Apart from translating language, some additional adjustments may be needed to make your text appropriate for a new country. This type of culture adaptation of a text is called "localization." Here are some points to look out for:

  • Weights and measurements.
  • Currencies and prices. And if you are using the symbol $, be sure that it is clear whether this refers to U.S. dollars, Mexican pesos, or another currency.
  • Number format. For example, in the U.S. and Mexico, the thousands place is marked with a comma; in Spain and Argentina, it is marked with a point.
  • Date format. In the U.S., it is normally month-day-year; in many countries including Spain, it is day-month-year.

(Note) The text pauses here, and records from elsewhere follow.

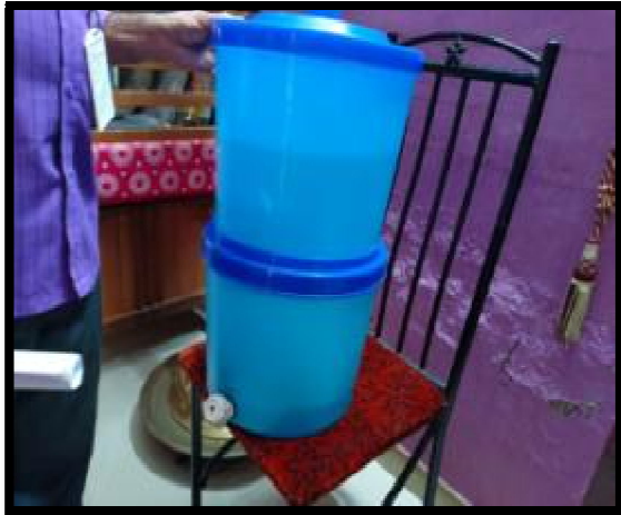
Terra fill Water filter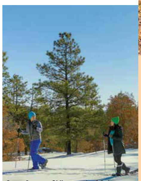
Cross Country Skiing north of Cuba

An easy 2½ mile cross-country loop trail starts near Redondo Campground in the Jemez, but cross-country aficionados will thrive in the challenging San Pedro Parks Wilderness or the open space at Valles Caldera. Telemark skiers can practice on the west side of Corral Canyon and Upper San Antonio Canyon. There are also open mountain trails on the east side of San Antonio Creek. www.newmexico.org/ski.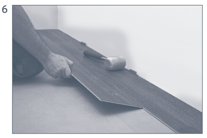
Start the installation by angling each plank into the click locking system along the long ends and then lay each plank flat to the floor. The long ends have a click lock system to hold each plank in place. The short ends have a drop lock system. More details in the detailed fitting instructions.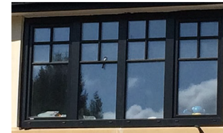
BLACK ALUMINIUM DOUBLE GLAZED WINDOWS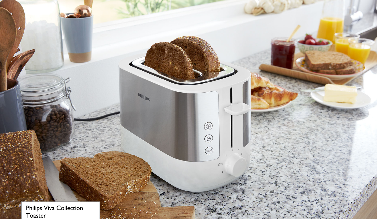
Philips Viva Collection Toaster

Extra wide 2 slots toaster Built in bun warmer White

  • Seasons. Depending on the hemisphere, certain months may be summer or winter.
  • Holidays, national events, customs. Thanksgiving is celebrated on one day in the U.S., on another in Canada, and not at all most other countries. May Day is not normally celebrated in the U.S., but is in Spain. Mother's Day and Father's Day are celebrated in many countries, but not always on the same date.
  • Working hours, meal-times, the academic calendar, vacation times. For example, in the U.S., the evening meal is often eaten as early as 5:00 p.m., while in Spain, most restaurants do not open for dinner until after 9:00 at night.
  • References to local cultures, races, ethnic groups, religions.
  • References to local places, brands, products, political parties.
  • Typeset conventions. For example, in Spanish, a question begins with an upside-down question mark, while in English, this symbol does not exist.

If your translation will be used in multiple countries that speak the same language -- for example, Spain, Argentina, and Mexico -- you may want to create a separate localized version for each country.